Bug 5986

Summary: Data currution in MSDOS and VFAT filesystems with SMP kernel 2.2.12
Product: [Retired] Red Hat Linux Reporter: fjp
Component: kernelAssignee: Michael K. Johnson <johnsonm>
Status: CLOSED CURRENTRELEASE QA Contact:
Severity: high Docs Contact:
Priority: high    
Version: 6.1CC: fjp, graeme, juanco
Target Milestone: ---   
Target Release: ---   
Hardware: i386   
OS: Linux   
Whiteboard:
Fixed In Version: Doc Type: Bug Fix
Doc Text:
Story Points: ---
Clone Of: Environment:
Last Closed: 2000-02-13 02:36:48 UTC Type: ---
Regression: --- Mount Type: ---
Documentation: --- CRM:
Verified Versions: Category: ---
oVirt Team: --- RHEL 7.3 requirements from Atomic Host:
Cloudforms Team: --- Target Upstream Version:
Embargoed:

Description fjp 1999-10-15 15:53:37 UTC
I think that I found what seems to be a very sensitive BUG,
because I causes data corruption, without any sending
any warnings to the user.

I just upgraded redHat 6.0 to 6.1 and started to have
problems after reading data in VFAT and MSDOS filesystems.

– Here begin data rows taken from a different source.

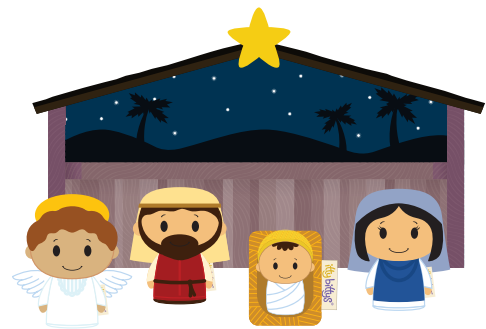
ITTY BITTYS® NATIVITY SET* AVAILABLE HOLIDAY 2015
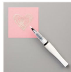
Wink Of Stella Clear Glitter Brush - 141897
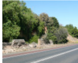
LIME-BURNING KILN SOHE 2008
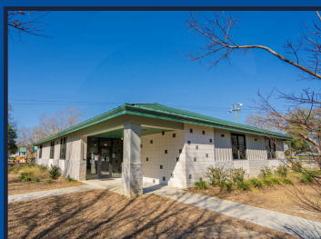
Maple Park Community Center

February 24, 2025 1700 S. Rutherford Drive
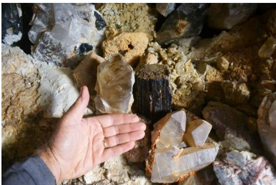
Specimens from the Oceanview Mine
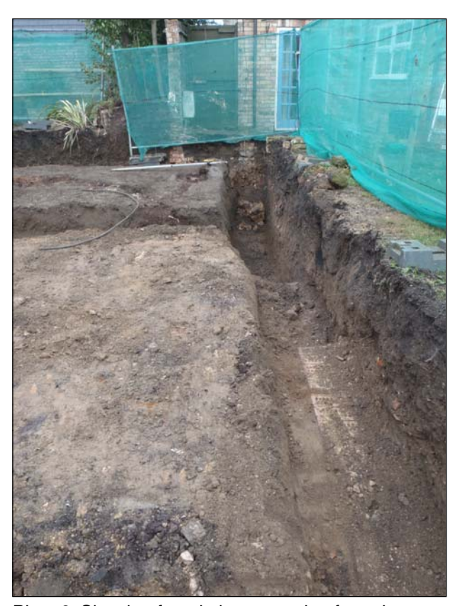
Plate 2: Showing foundation extraction from the west
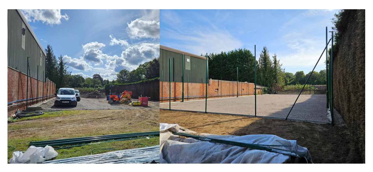
the story so far...
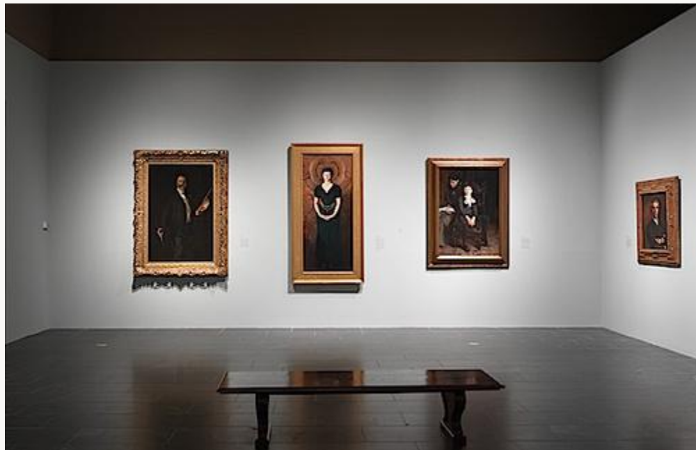
Fig. 13, View of the fourth gallery, "United States," showing [left to right] John Singer Sargent, William Merritt Chase , 1902; Isabella Stewart Gardner , 1888; and Portrait of a Boy , 1890. [return to text]
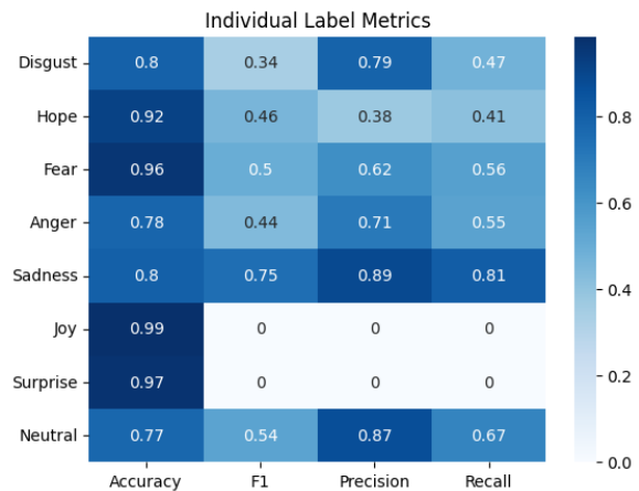
Figure 1: Individual label accuracy, precision, recall and F-1 score of the baseline model on the development dataset.

We trained the BERT model using TensorFlow, with a learning rate of 2e-05, binary cross-entropy as the loss, and the Adam optimizer. We trained the model for 25 epochs, with a batch size of 16. To prevent over-fitting, we implemented early stopping by monitoring the validation loss. To optimize the threshold on the logits for the labels, we performed a random search. As we trained the model, our training loss kept going down, but after a point, the validation loss did not go down. Instead it increased. This is a sign of overfitting. Figure 1 shows us how the baseline model performed for each individual label.
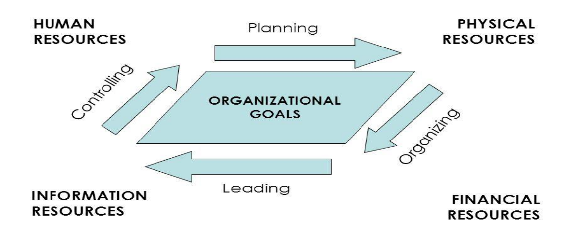
Figure 1: Administrative Process
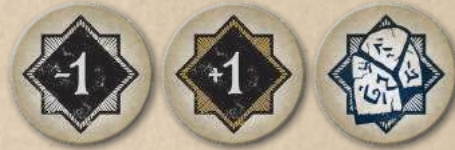
44 Chaos Tokens

Examples of the components in the game are presented here for identification purposes. A complete card anatomy can be found on pages 28–31 of the Rules Reference.
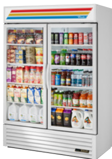
Optional White Exterior
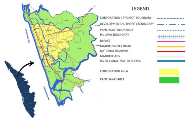
Figure 1. Urban extent

by the Samoothiris (Zamorins). Indicus Analytics, an economic research group, rated Calicut second in terms of investments, houses, and income.
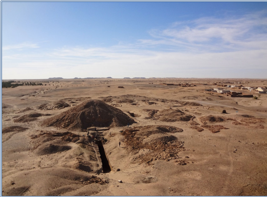
Figure 12. Kite photograph of el-Kurru showing largest pyramid (Ku. 1) in the foreground.

Macadam 1949: pls. 32-34; Eide et al. 1996: 522-532). According to one interpretation (Priese 1977: 355), the international fame of the Late Napatan king Gatisen in the fourth century BCE then led the Hellenistic author Hecataeus of Abdera to retroject him (under the moniker “Aktisanes”) into an account of much earlier and possibly apocryphal events of the Early Napatan era, an error later perpetuated by Diodorus Siculus (fig. 4; Eide et al. 1996: 515-520). Perhaps owing to this chronological morass, some have even termed the kings buried at Barkal as “Early Meroitic,” thereby associating them less with the Napatan period than with the epoch that followed it (Priese 1977; Pope 2014a: 42-45).
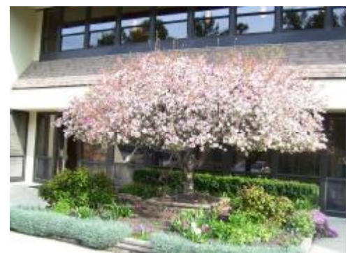
Easter Sunday, March 23rd God dressed our tree in a beautiful new gown of blossoms.
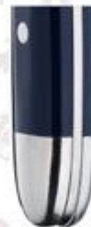
Stainless Steel Sleeve
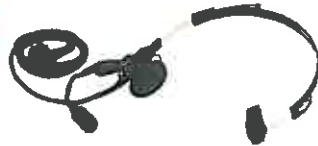
Headset with swivel boom microphone Part #53865

Convenient, hands-free use and clear reception in noisy work areas for non-stop productivity.
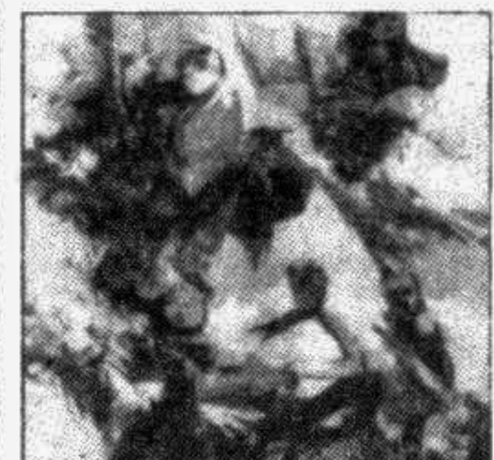
Artist: Qayyum Choudhury

The 10th National Art Exhibition 1992 begins at Shilpakala Academy in the capital today (Monday).
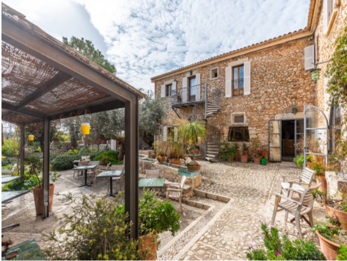
Enchantig front terrace
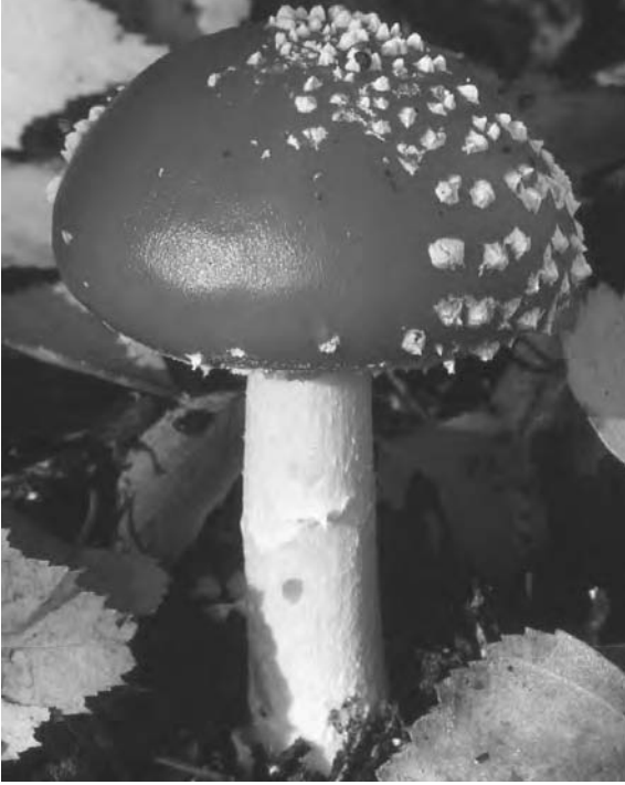
Soma, an ancient solar deity (the moon) and the drink of immortality, possibly from the pressings of a poisonous mushroom (TRIP)

driven away, reenacting the primordial combat between gods and demons or the conflict of the demons with the later guardians of soma, the gandhârvas .
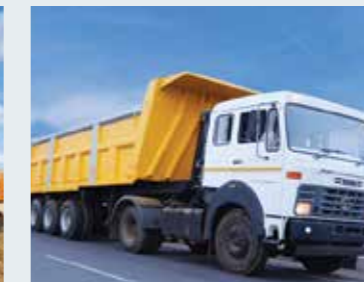
Trailers 10 Units
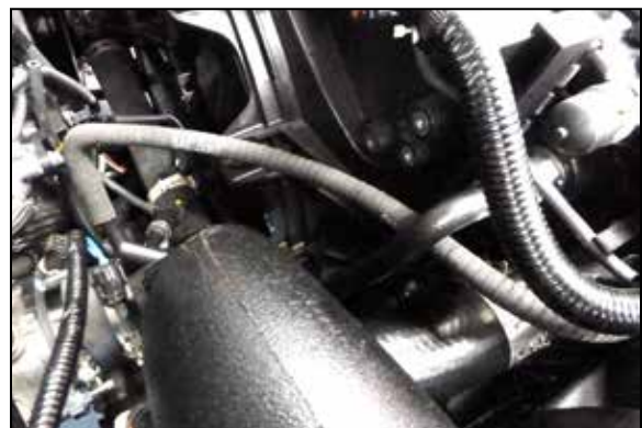
26. Install the vent hose onto the ejector fitting installed into the K&N intake tube and then connect the open end onto the charge tube fitting.
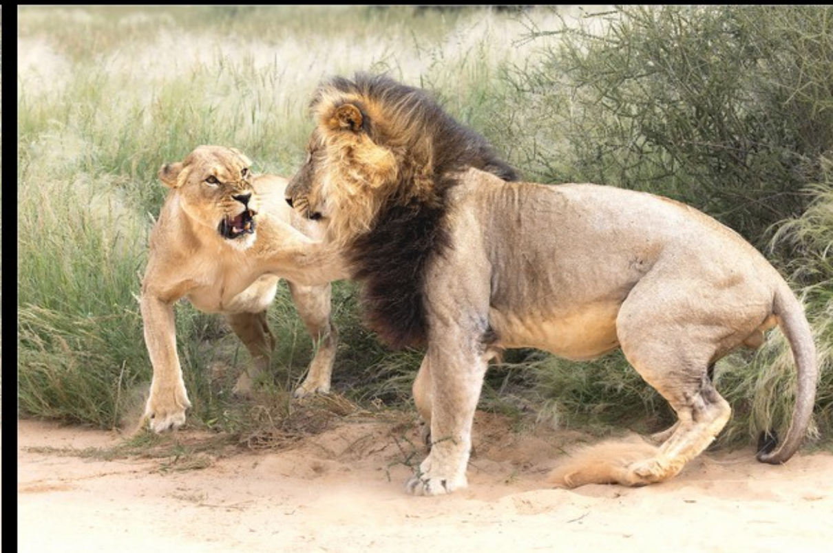
MR-001-Denied with force_series 5-18

This problem only happens with the new kernel-smp-2.2.12
that comes in RedHat 6.1

Old kernel SMP 2.2.5 from RedHat 6.0 doesn't have this
problem.
Also, the new 2.2.12, without SMP support is working fine.

My system configuration is:
A Tekram DUAL BX mainboard (upgraded to the latest BIOS).
2 Pentium III 450 CPUs.
1 DIMM 64 Mb of PC100 SDRAM
1 Tekram DC390F (Ultra Wide SCSI) NCR/Symbios 53C875
(using module NCR53c8xx)
1 Quantum Atlas III Ultra Wide SCSI 8Gb Hard Drive
1 Fujitsu 230Mb MO Drive SCSI-2
1 Plextor 12Plex CDROM DRIVE SCSI-2
1 Plextor Plexriter 4/12X ULTRA-SCSI
1 Nvidea RIVA TNT 16 Mb AGP Graph. card
1 RTL 8139 10/100 PCI Ethernet CARD
1 Tekram TV Card (Bt848)
1 AWE 32 Sound Card
1 Standard Floppy disk (1.44)

I swaped the DIMM memory module, with another one and the
error persisted
I phisically swapped processor 1 with processor 2 , and the
problem persisted.
The CPUs are not overclocked and are not over-heated.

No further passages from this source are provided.